_Exercise goal_:
Pictures are to be dropped, and only the lines from the one containing "The gameplay involved" through the end of the data below are to be reproduced as written.

[[ Dataset excerpts open ]]

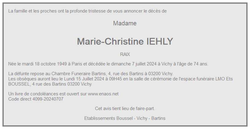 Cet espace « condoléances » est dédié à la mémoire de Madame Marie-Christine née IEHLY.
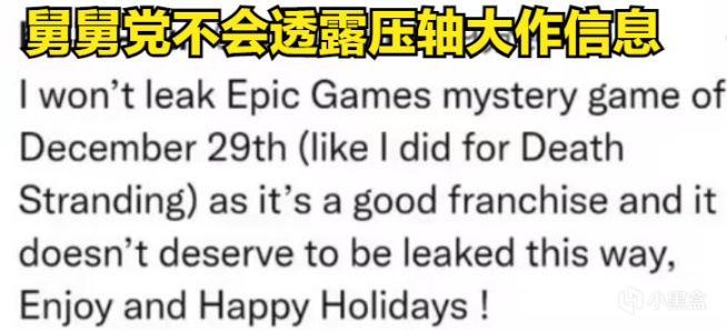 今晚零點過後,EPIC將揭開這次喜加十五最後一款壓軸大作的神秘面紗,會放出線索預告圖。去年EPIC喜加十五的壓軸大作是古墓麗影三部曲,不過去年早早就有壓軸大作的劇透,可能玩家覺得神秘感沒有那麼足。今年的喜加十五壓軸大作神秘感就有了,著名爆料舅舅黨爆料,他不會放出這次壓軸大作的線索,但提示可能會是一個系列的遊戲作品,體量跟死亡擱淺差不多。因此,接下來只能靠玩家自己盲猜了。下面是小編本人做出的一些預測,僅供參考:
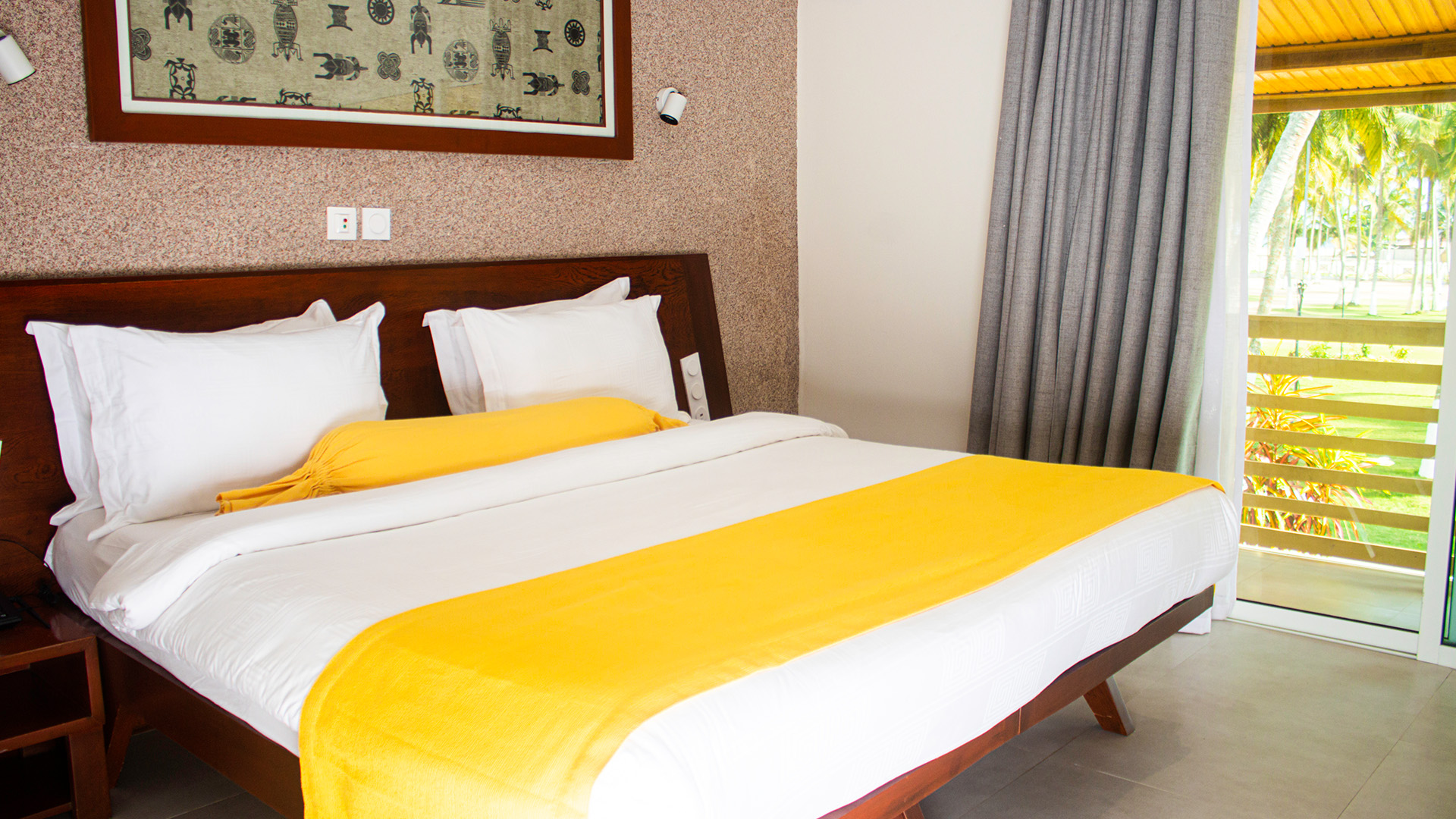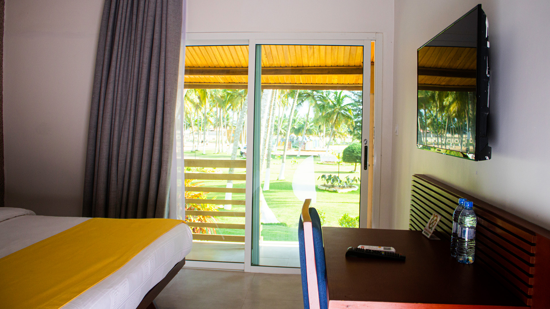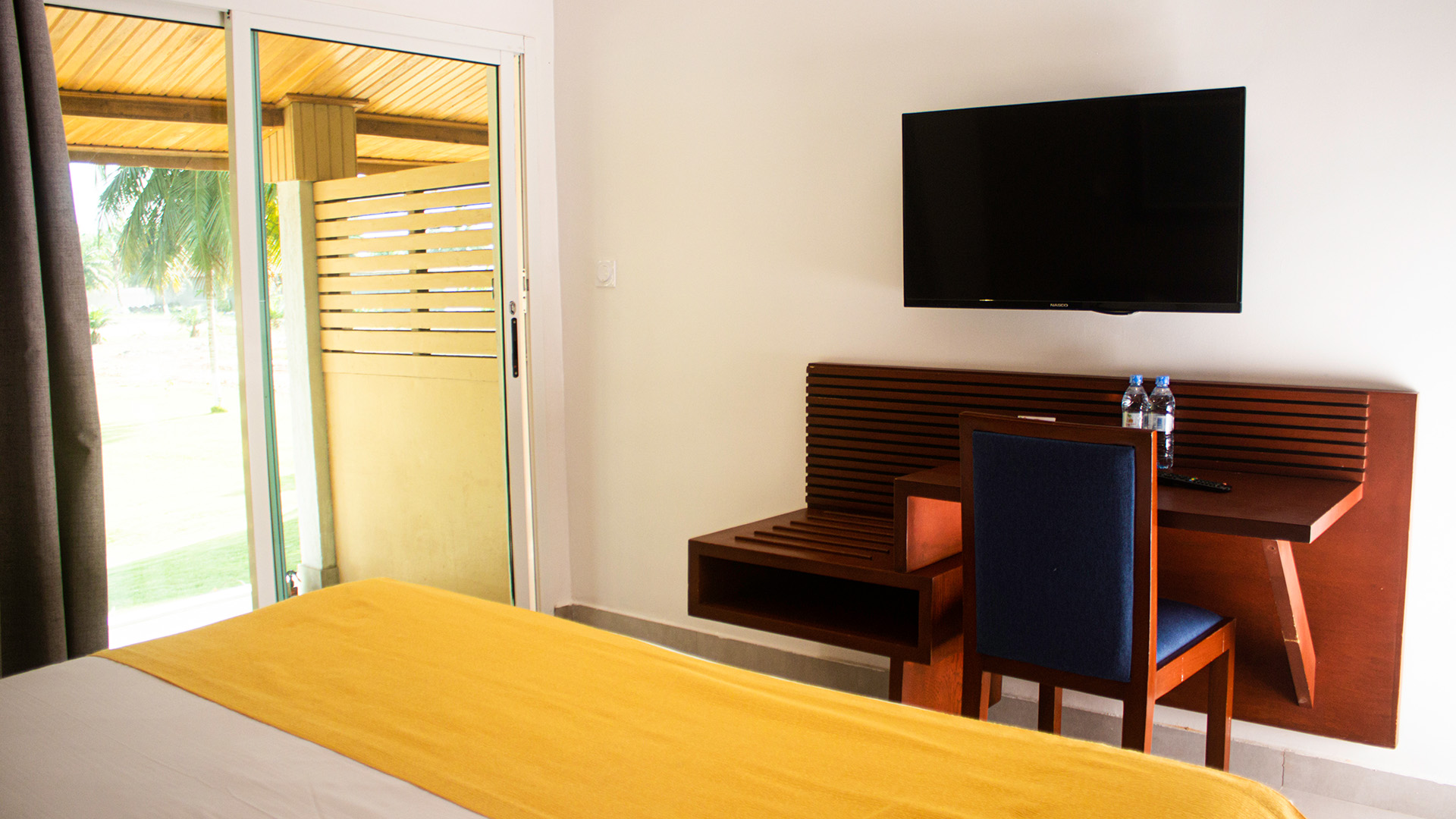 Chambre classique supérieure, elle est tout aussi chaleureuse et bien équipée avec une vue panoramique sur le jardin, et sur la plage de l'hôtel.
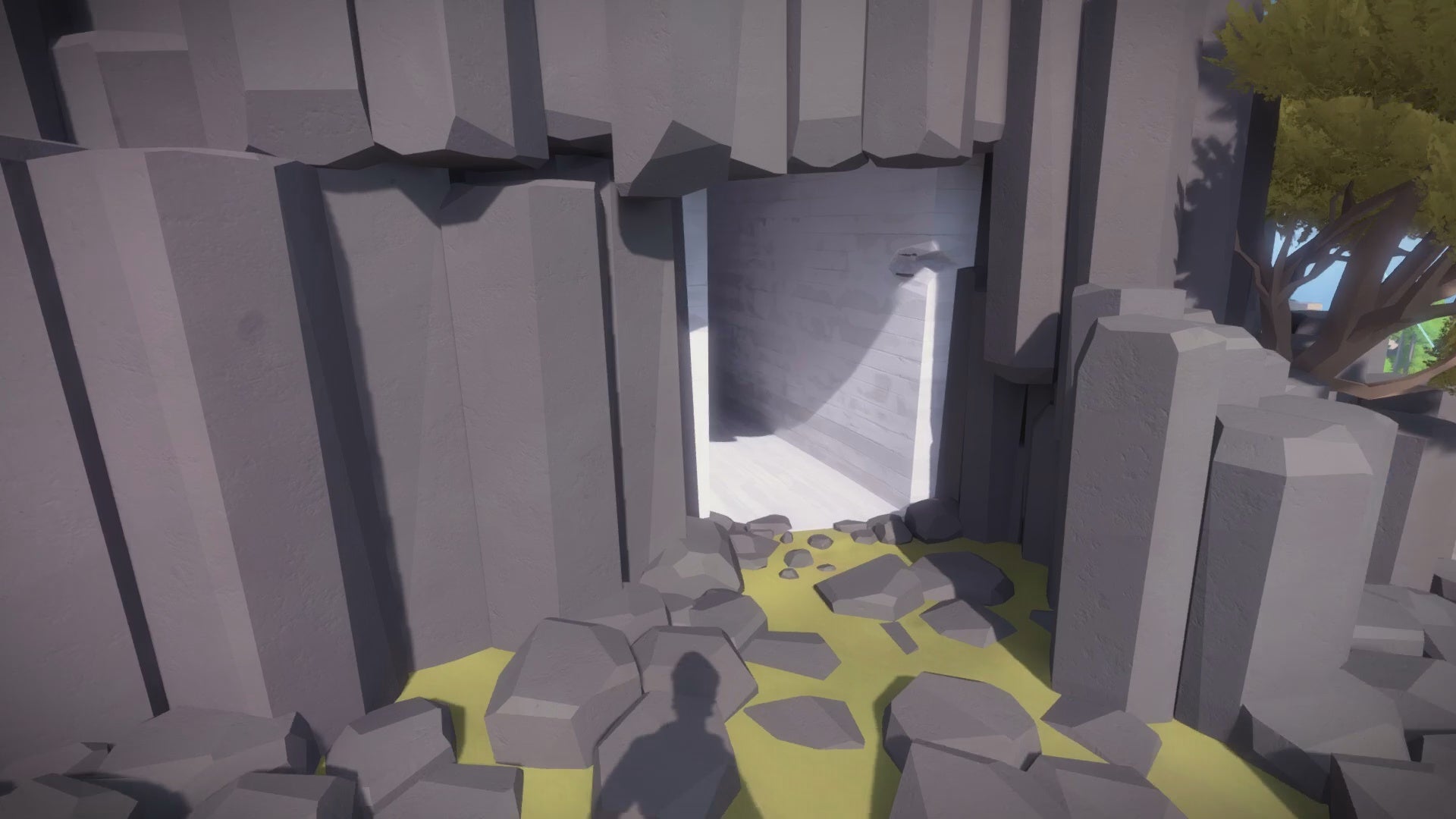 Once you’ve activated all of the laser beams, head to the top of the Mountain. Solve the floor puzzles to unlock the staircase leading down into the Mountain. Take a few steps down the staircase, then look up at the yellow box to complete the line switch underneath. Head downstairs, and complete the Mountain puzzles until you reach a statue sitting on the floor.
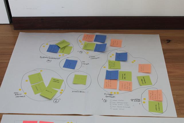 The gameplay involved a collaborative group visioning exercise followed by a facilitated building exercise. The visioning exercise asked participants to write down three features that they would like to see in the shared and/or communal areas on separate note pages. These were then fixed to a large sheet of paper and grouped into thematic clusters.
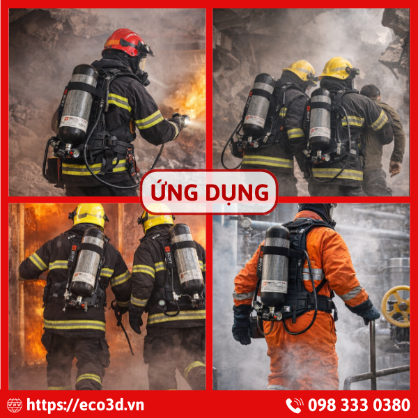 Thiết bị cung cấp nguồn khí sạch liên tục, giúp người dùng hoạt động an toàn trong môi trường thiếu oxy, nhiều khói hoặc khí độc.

[[ Dataset excerpts closed ]]

_Result of this task_:
 The gameplay involved a collaborative group visioning exercise followed by a facilitated building exercise. The visioning exercise asked participants to write down three features that they would like to see in the shared and/or communal areas on separate note pages. These were then fixed to a large sheet of paper and grouped into thematic clusters.
 Thiết bị cung cấp nguồn khí sạch liên tục, giúp người dùng hoạt động an toàn trong môi trường thiếu oxy, nhiều khói hoặc khí độc.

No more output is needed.